YOUR OBJECTIVE ▸ What is needed is an exact reproduction of the lines in the records below, starting at the line with "Stylish empty ceramic" and ending at the line with "会上,宋华宣读了校工会对召开", both included, and nothing else; pictures stay out.

EXCERPTED DATA ▸

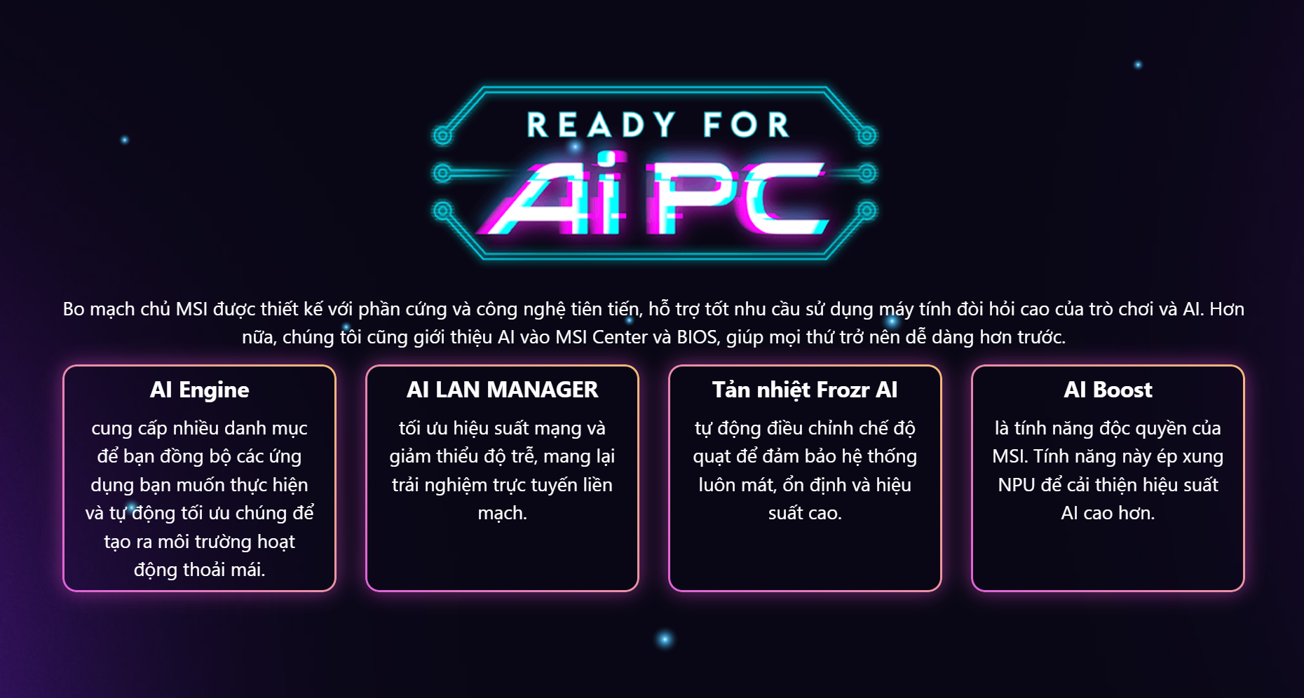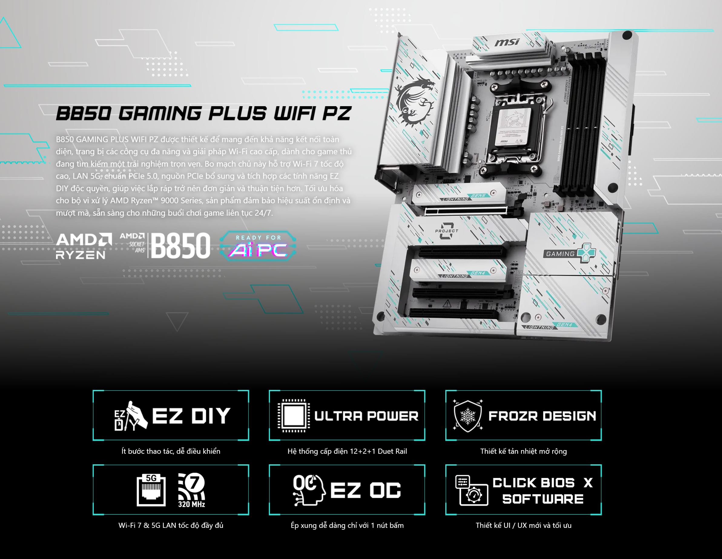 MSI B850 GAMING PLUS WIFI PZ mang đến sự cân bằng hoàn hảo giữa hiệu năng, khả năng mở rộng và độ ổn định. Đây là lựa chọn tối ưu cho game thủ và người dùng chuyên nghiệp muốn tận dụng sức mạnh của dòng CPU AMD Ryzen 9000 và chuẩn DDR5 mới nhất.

---

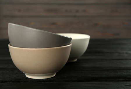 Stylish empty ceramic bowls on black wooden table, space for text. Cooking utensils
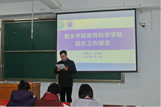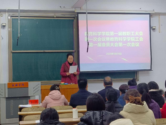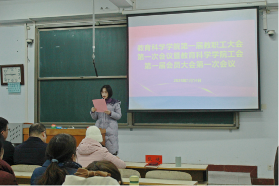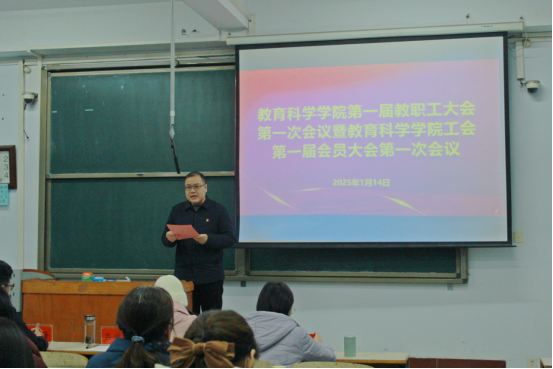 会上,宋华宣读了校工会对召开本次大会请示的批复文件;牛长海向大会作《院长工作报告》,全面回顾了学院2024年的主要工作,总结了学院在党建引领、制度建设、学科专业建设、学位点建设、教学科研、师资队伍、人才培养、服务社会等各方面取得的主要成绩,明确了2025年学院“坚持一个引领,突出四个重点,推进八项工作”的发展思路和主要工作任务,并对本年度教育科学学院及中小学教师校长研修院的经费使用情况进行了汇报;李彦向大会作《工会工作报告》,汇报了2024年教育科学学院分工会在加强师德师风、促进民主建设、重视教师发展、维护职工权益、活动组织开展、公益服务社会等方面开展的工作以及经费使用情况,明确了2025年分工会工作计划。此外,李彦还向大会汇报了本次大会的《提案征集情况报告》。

...

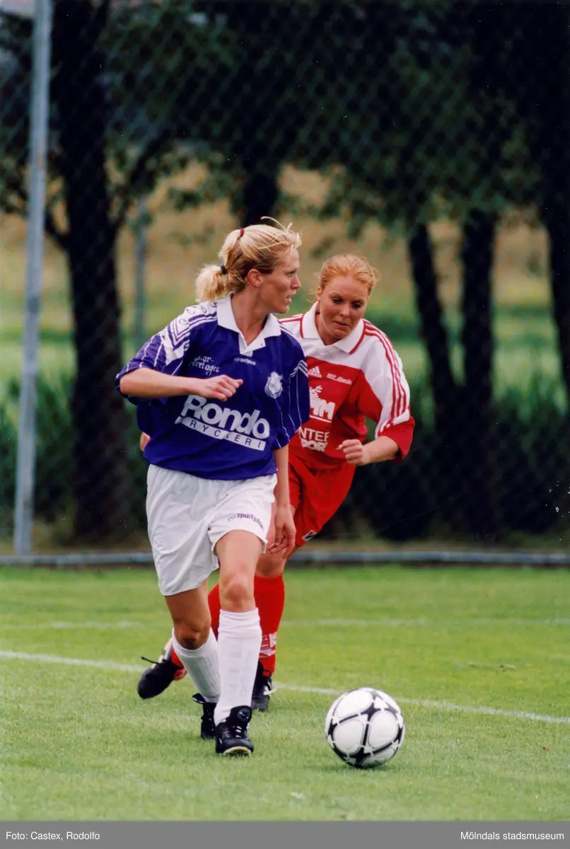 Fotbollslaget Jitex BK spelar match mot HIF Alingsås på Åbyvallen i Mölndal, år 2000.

SOLUTION TO THIS EXERCISE ▸
 Stylish empty ceramic bowls on black wooden table, space for text. Cooking utensils
 会上,宋华宣读了校工会对召开本次大会请示的批复文件;牛长海向大会作《院长工作报告》,全面回顾了学院2024年的主要工作,总结了学院在党建引领、制度建设、学科专业建设、学位点建设、教学科研、师资队伍、人才培养、服务社会等各方面取得的主要成绩,明确了2025年学院“坚持一个引领,突出四个重点,推进八项工作”的发展思路和主要工作任务,并对本年度教育科学学院及中小学教师校长研修院的经费使用情况进行了汇报;李彦向大会作《工会工作报告》,汇报了2024年教育科学学院分工会在加强师德师风、促进民主建设、重视教师发展、维护职工权益、活动组织开展、公益服务社会等方面开展的工作以及经费使用情况,明确了2025年分工会工作计划。此外,李彦还向大会汇报了本次大会的《提案征集情况报告》。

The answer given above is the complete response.